7. It was then contended by the opposite party that the petitioner is not entitled to any relief inasmuch as there is a finding by the competent authority that the fraud was committed at the election. There is no force in this contention either. This contention is baaed on the assumption that the finding of the District Magistrate is a correct finding.

Although that being a finding of fact this Court cannot upset that finding in the exercise of its powers under Article 226 of the Constitution, but as the District Magistrate had no power to investigate into thematter it may be' deemed as if there is no finding by a competent authority and it is not open to the opposite party to rely upon that finding and to say that fraud had been committed by the petitioner.

8. It was argued that the petitioner has suppressed certain material facts and therefore that disentitles him to a relief of mandamus. This objection is in a way connected with the previous objection which I have already dealt with. If the finding of the District Magistrate is without jurisdiction no reliance can be placed on it in pointing out that there has been any material suppression by the petitioner in his petition.

9. It was further contended that the petitioner has not asked for any writ of certiorari and unless the order is set aside no mandamus can be granted. All the facts have been brought to the notice of the Court and this Court can issue any direction having regard to the facts of the case under Article 226 and therefore the failure on the part of the petitioner to specifically ask for the issue of a direction that the order should be quashed and a consequential mandamus should be issued directing the other side not to hold fresh elections is immaterial.

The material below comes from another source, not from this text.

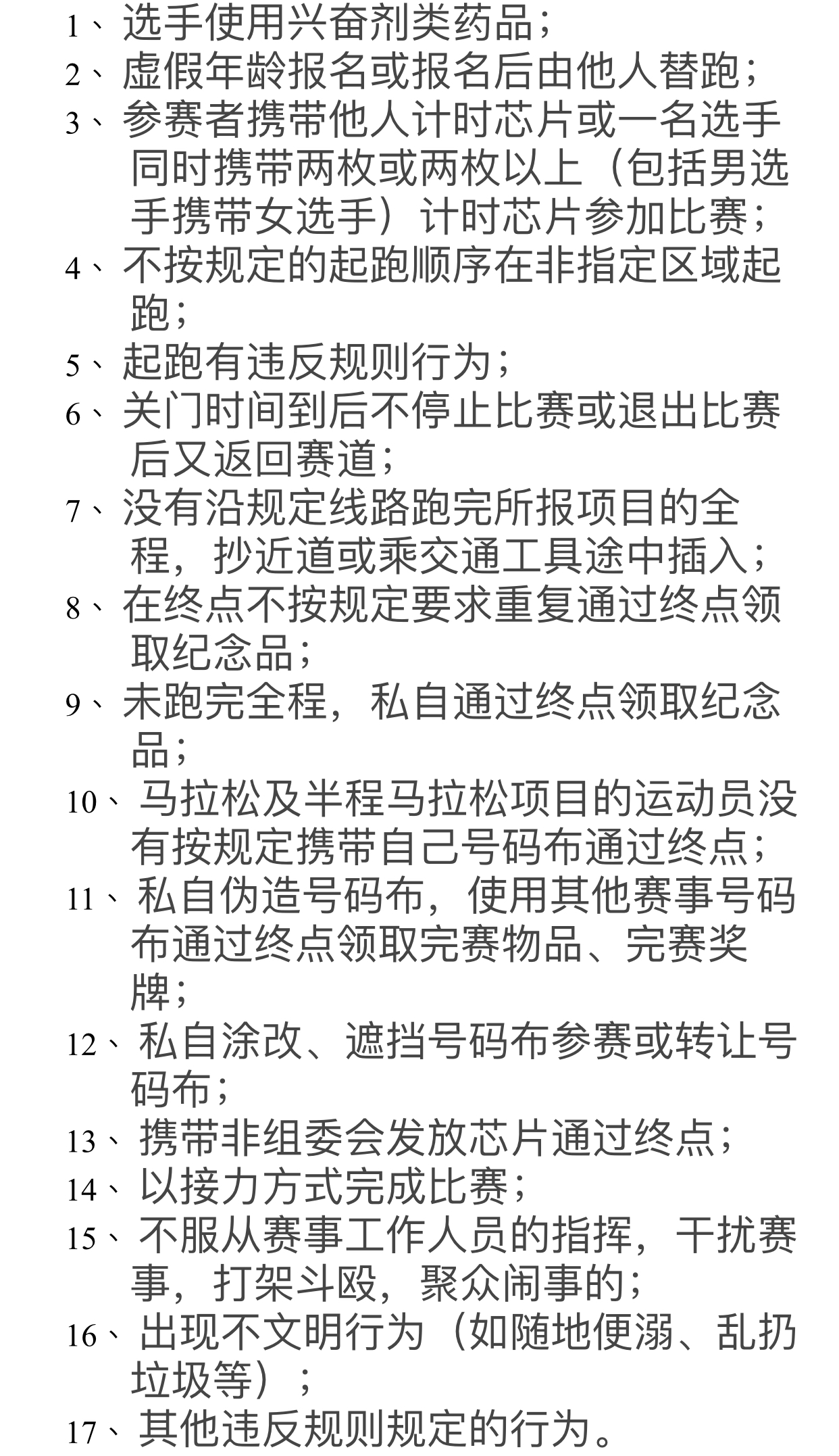 據(jù)悉,在比賽期間選手出現(xiàn)17項(xiàng)違規(guī)行為之一的問題,裁判員有權(quán)中止選手的比賽并當(dāng)場(chǎng)沒收違規(guī)選手的號(hào)碼布及芯片,取消其比賽資格,賽后由組委會(huì)視情節(jié)輕重分別給予參賽選手取消2018深馬比賽成績(jī)、禁賽1至2年,情節(jié)嚴(yán)重者終身禁賽等處罰,并將違規(guī)信息報(bào)送中國田協(xié)申請(qǐng)系列追加處罰。

The order itself has been placed before the Court by the opposite party and after having come to the conclusion that that order is without jurisdiction there is no bar to this Court issuing a necessary direction quashing that order and a consequential mandamus.

10. Under these circumstances I allow this petition with cost quash the order of the District Magistrate dated the 31st of January, 1956, and issue a mandamus directing the opposite parties not to hold fresh election.